I haven't gone back and run Firecalc with my 1993 numbers but I suspect it would have told me to go back to work. Luckily I just did it - with severance pay, sold and consumed our duplex, one year temp(95) job, pension in 98 at 55, and I'm a really cheap bastard among other things.

BTY - third post this morning, third cup of coffee, I love everybody - heh heh - still like dream police and blow me though.

Any other good ones?
 
Re: Hi, Snowbird here...

Answering 2 questions (blingual here :)...................

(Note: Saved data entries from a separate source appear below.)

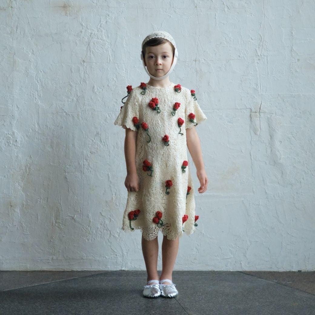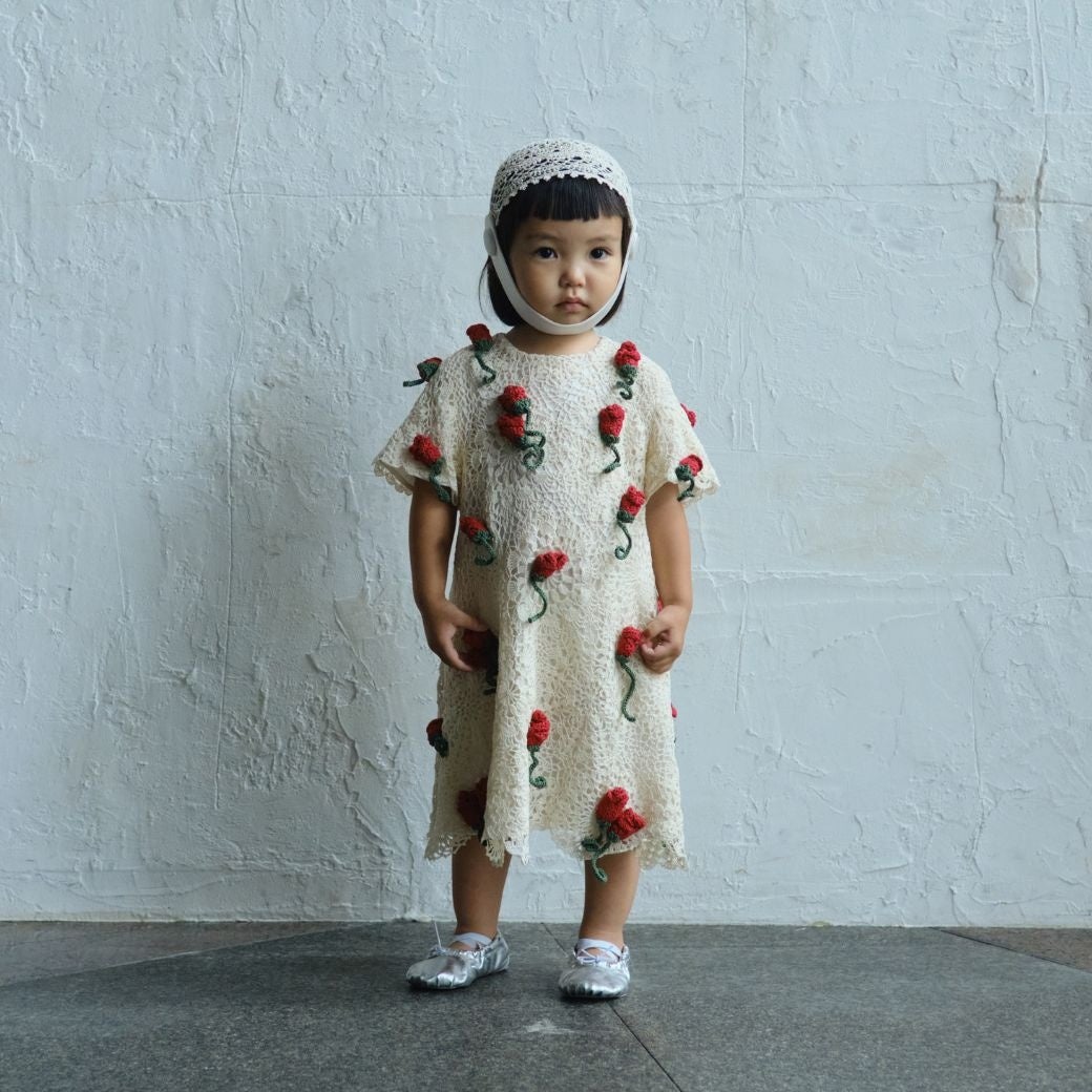 花のモチーフをちりばめた可憐なニットレースのドレス。 精巧な職人技を駆使し、贅沢に時間を費やして作り上げました。日本が誇る手仕事の素晴らしさを体現しています。 立体的なフォルムで着やすさもあわせ持つ、至高のラグジュアリードレス。
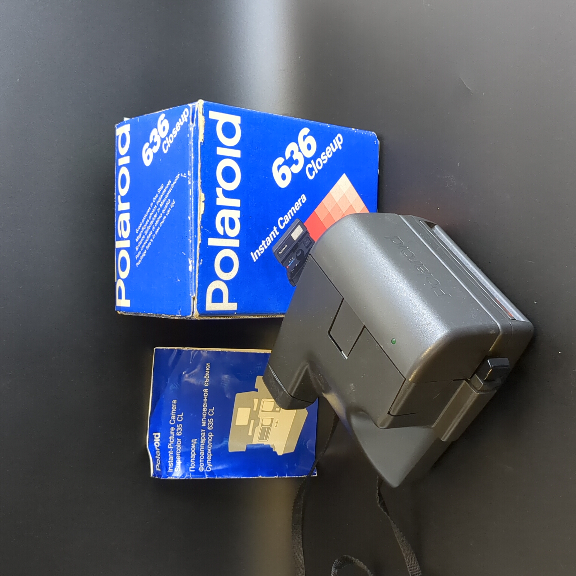 Фотоаппарат "Polaroid 636 Close Up", пластик, металл, Polaroid, Великобритания, 1988-2000 гг. В оригинальной коробке. . Присутствуют следы использования. Состояние на фото
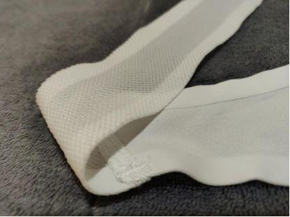 前襟衣摆没有防滑材质,整件衣服的都有环绕的硅胶条,朴实的硅胶却恰如其分的能骑行裤的面料产生奇妙的反映,防滑效果很好。
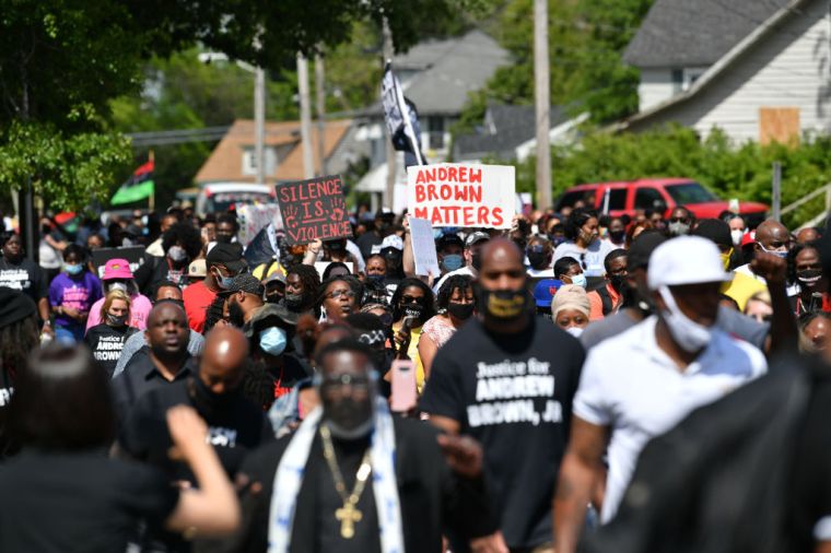 People stage a demonstration after the killing of Andrew Brown Jr. demanding the release of the body camera videos the day before the funeral in Elizabeth City on May 2.
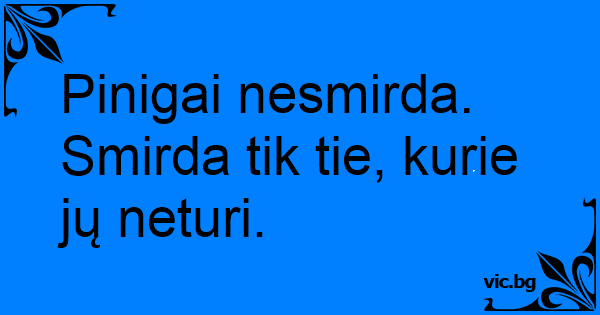 Pinigai nesmirda. Smirda tik tie, kurie jų neturi.
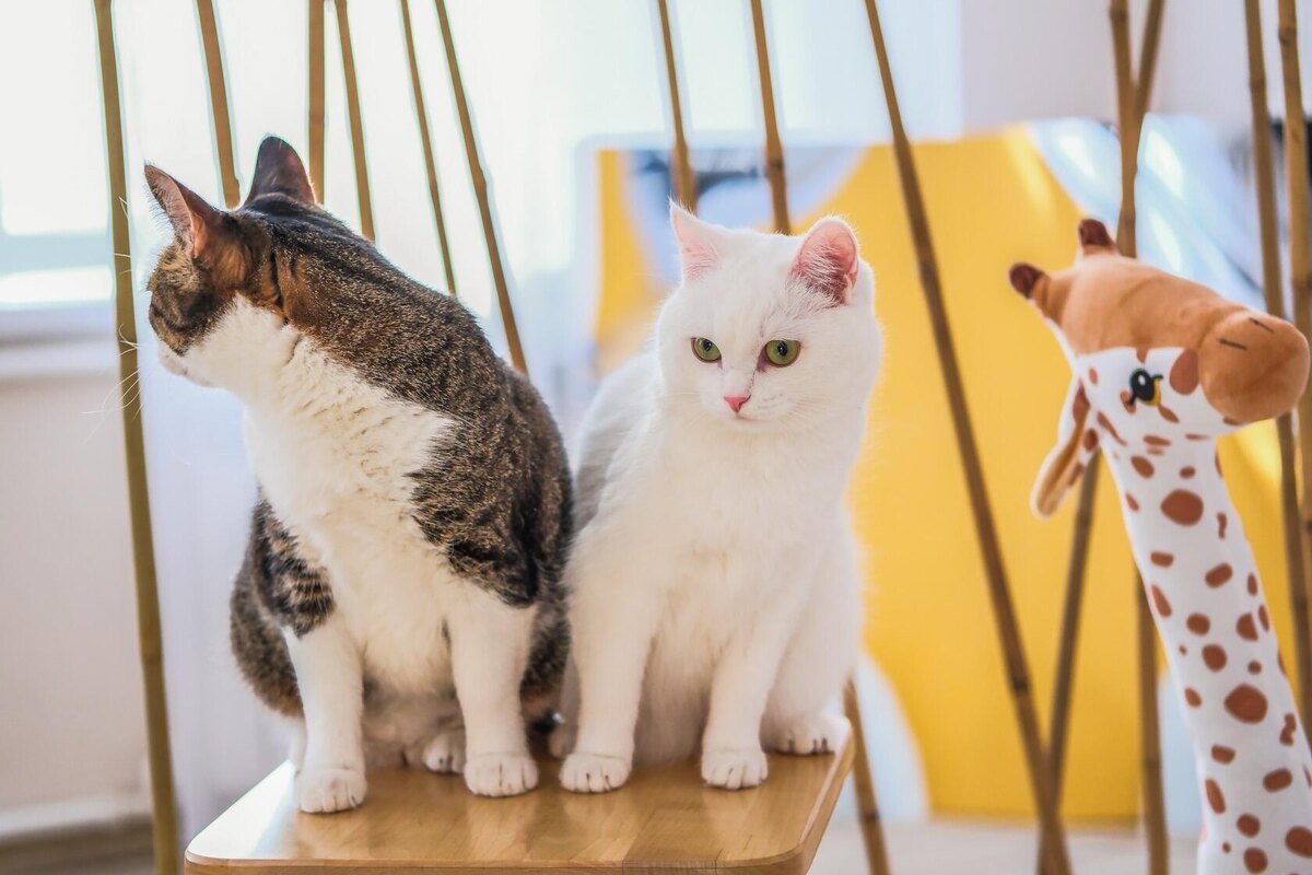 На то, чтобы Мята адаптировалась и привыкла к новому питомцу, ушел целый год. Мята сама по себе очень подверженна стрессу, а тут новый член семьи. Я далеко не сразу сориентировалась, как облегчить их адаптацию и конечно совершала ошибки. Дом для кошки - это полностью её территория, где она чувствует себя в безопасности. По всему дому кошка оставляет свои запаховые метки, потеревшись о предметы, она знает где находится её еда, вода и лоток. После появления второй кошки, важно чтобы не было борьбы за жизненно важные ресурсы. Поэтому, обязательно поставьте для нового питомца отдельную миску для еды, свою миску с водой и второй лоток. Тоже самое правило касается и остальных вещей: должна быть вторая когтеточка, лежанка, домик и игрушки. Ещё одной причиной конфликтов может стать ваше внимание. Важно уделять его поровну: одновременно или по очереди. Если подошли погладили одну кошку, обязательно нужно погладить вторую. Если 5 минут уделили игре с одним питомцем, столько же времени важно удел

First, when I retired I never heard of SWR or FIRECALC
and it would not have mattered as I am pretty sure
any method of precalculating my chances would have
come up "keep working". So 95% or -0- % chance
made no difference in my case. I admire unclemick
for many things, having the guts to go without
health insurance being only one. If I was still single with 5 years to Medicare, I MIGHT take a chance. I do recall
that some coverage was so pricey I knew I couldn't
(wouldn't?) pay it. We have evolved into a
situation where my wife keeps both of us covered,
either through her work, or as currently with a
stand alone (non-employer sponsered) policy.
So far, so good.

John Galt
 
Re: Hi, Snowbird here...

Go on the African Safari, Buy that new Lexus etc. When it has a negative X% return you withdraw X% less from your portfolio. Eat more rice and beans and rent movies. Which in reality is what we probably do anyway.
Yeah, that's it in a nutshell. I sort of subconsciously modify spending that way - Since I spent a lot last month on unexpected airfare this month I'm taking it easy.

I think ER requires some intuitive or creative thinking as well as calculating.